UBA @ 75: GMD Alawuba recounts milestone achievements, hails Elumelu

Published

on

Spread the love

…says UBA’ll continue to invest in innovative products

The United Bank for Africa, (UBA), has stated that it will continue to invest in innovative products and digital platforms that enhance customer experience and drive operational efficiency.
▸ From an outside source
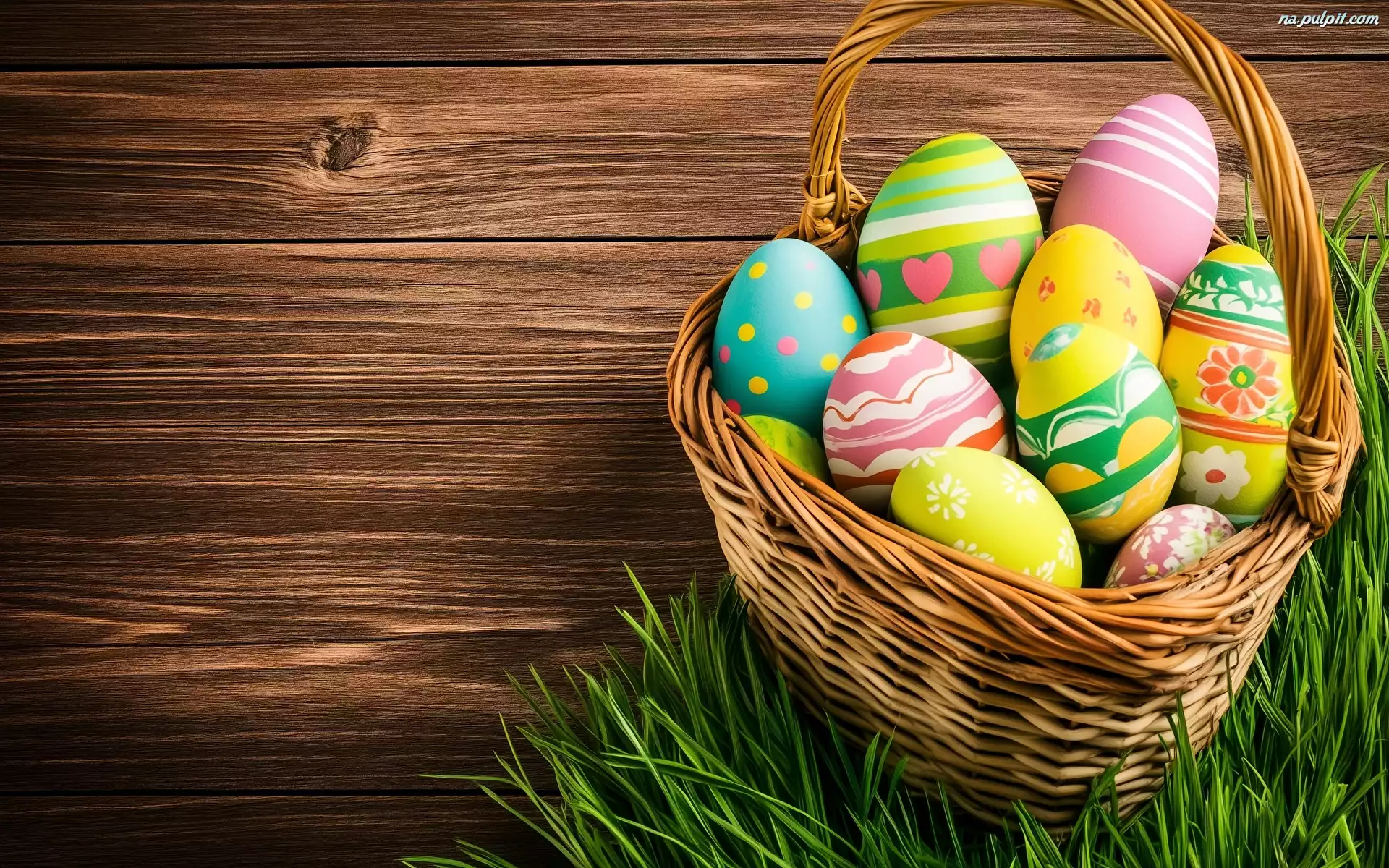Trawa, Wielkanoc, Kolorowe, Pisanki, Koszyk, Deski Na Pulpit

The Group Managing Director of UBA, Oliver Alawuba, who stated this at a World Press Conference to mark the bank’s 75th anniversary in Lagos, Nigeria on Monday, also said that the bank is committed to expanding its presence, seize growth opportunities, and deliver value to all stakeholders.

Alawuba hailed the Chairman of the global financial power house, Tony Elumelu, and other stakeholders for the success recorded by the bank in its 75 years of existence.

Alawuba stated that since its inception in 1949, UBA has evolved from a modest beginning in Lagos Island to a global financial institution with a presence in 20 African countries and 4 global financial nerve centres (New York, London, Paris and Dubai).

He pointed out that the bank boasts of over 25,000 Staff, over 35 million customers served through multiple channels – over 350,000 POS terminals, 2,000 ATM terminals, 1,000 Business Offices and 19.7 million Card Customers.

Maduka College Advert

“Amidst economic challenges and market dynamics, UBA has demonstrated remarkable financial strength and resilience. Our splendid performance, especially within the last year, is a testament to our robust fundamentals and sound strategic decisions. As we navigate through the ever-changing landscape, we remain committed to creating value for our shareholders and capitalizing on emerging opportunities in the market.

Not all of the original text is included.